> _INFORMATION SUPPLIED_
☆ ☆ ☆ ☆ ☆ ☆ ☆

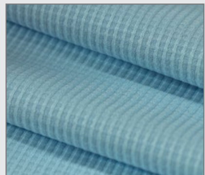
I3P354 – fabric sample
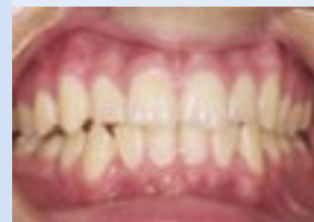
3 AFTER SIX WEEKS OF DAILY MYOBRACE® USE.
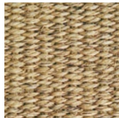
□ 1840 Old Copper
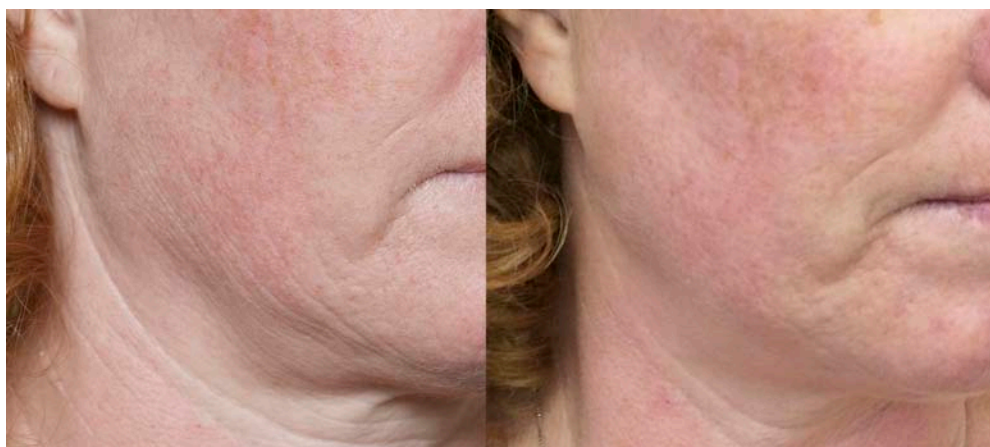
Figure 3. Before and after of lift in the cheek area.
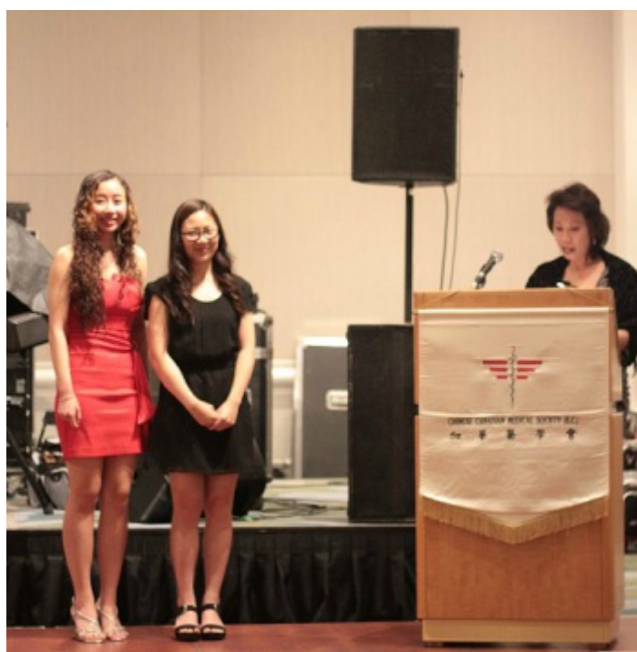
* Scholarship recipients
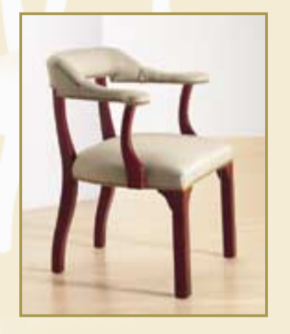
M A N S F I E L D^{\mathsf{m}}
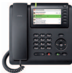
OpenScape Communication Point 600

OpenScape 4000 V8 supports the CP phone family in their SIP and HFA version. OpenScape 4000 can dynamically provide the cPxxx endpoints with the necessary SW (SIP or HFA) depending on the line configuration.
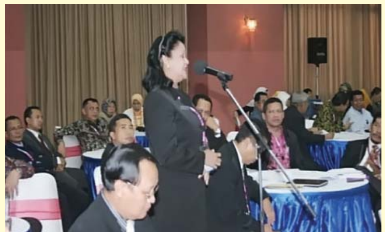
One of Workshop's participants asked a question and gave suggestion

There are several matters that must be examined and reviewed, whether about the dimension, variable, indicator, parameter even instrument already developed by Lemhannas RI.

☆ ☆ ☆ ☆ ☆ ☆ ☆

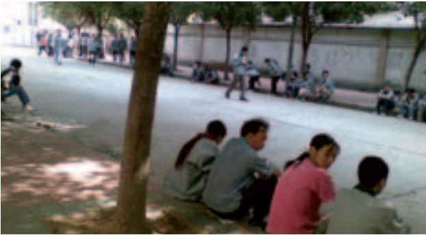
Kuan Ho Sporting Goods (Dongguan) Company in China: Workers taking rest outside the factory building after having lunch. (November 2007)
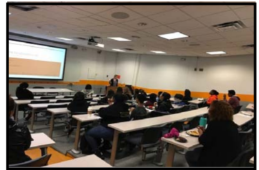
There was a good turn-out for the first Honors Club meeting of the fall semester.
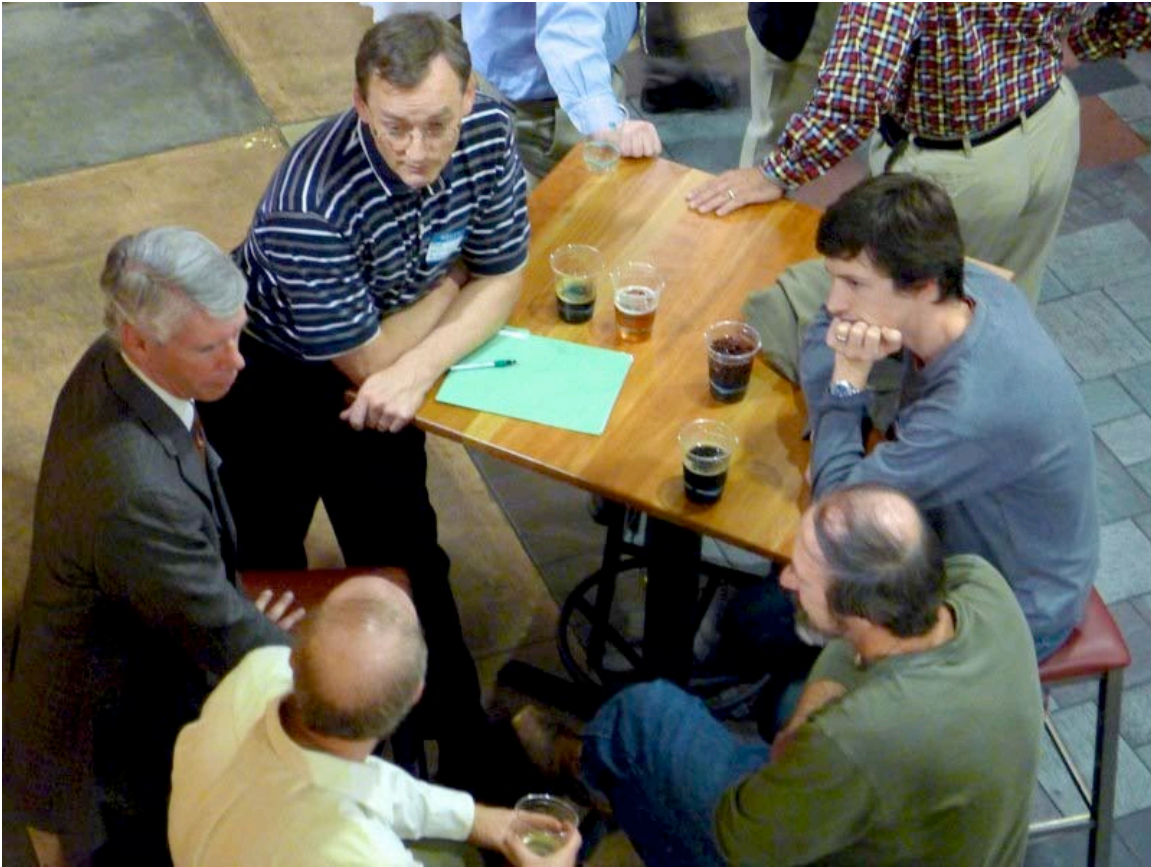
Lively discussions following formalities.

☆ ☆ ☆ ☆ ☆ ☆ ☆

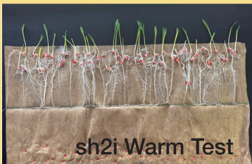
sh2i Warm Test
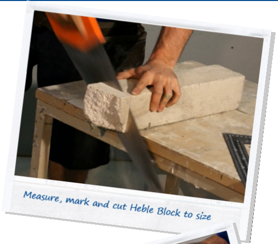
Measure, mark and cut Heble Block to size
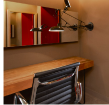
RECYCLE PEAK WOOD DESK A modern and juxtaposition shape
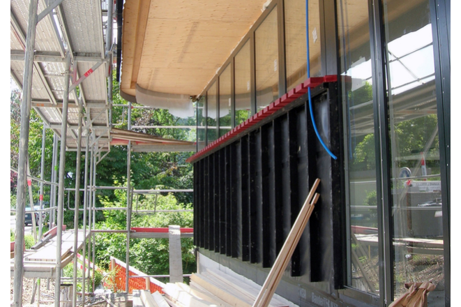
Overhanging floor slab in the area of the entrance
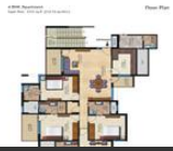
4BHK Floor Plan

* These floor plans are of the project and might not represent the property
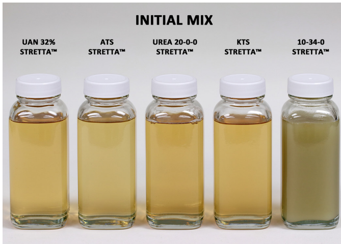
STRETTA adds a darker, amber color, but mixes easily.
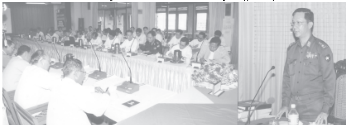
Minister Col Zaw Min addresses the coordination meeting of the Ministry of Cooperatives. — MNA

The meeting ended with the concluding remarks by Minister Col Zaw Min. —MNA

☆ ☆ ☆ ☆ ☆ ☆ ☆

> _INSTRUCTIONS FOR THE TASK_
Copy out the lines above from the line containing "3 AFTER SIX WEEKS OF DAILY MYOBRACE® USE." through the line containing "There are several", exactly, and keep the pictures out.

> _YOUR RESPONSE_
3 AFTER SIX WEEKS OF DAILY MYOBRACE® USE.
□ 1840 Old Copper
Figure 3. Before and after of lift in the cheek area.
* Scholarship recipients
M A N S F I E L D^{\mathsf{m}}
OpenScape Communication Point 600

OpenScape 4000 V8 supports the CP phone family in their SIP and HFA version. OpenScape 4000 can dynamically provide the cPxxx endpoints with the necessary SW (SIP or HFA) depending on the line configuration.
One of Workshop's participants asked a question and gave suggestion

There are several matters that must be examined and reviewed, whether about the dimension, variable, indicator, parameter even instrument already developed by Lemhannas RI.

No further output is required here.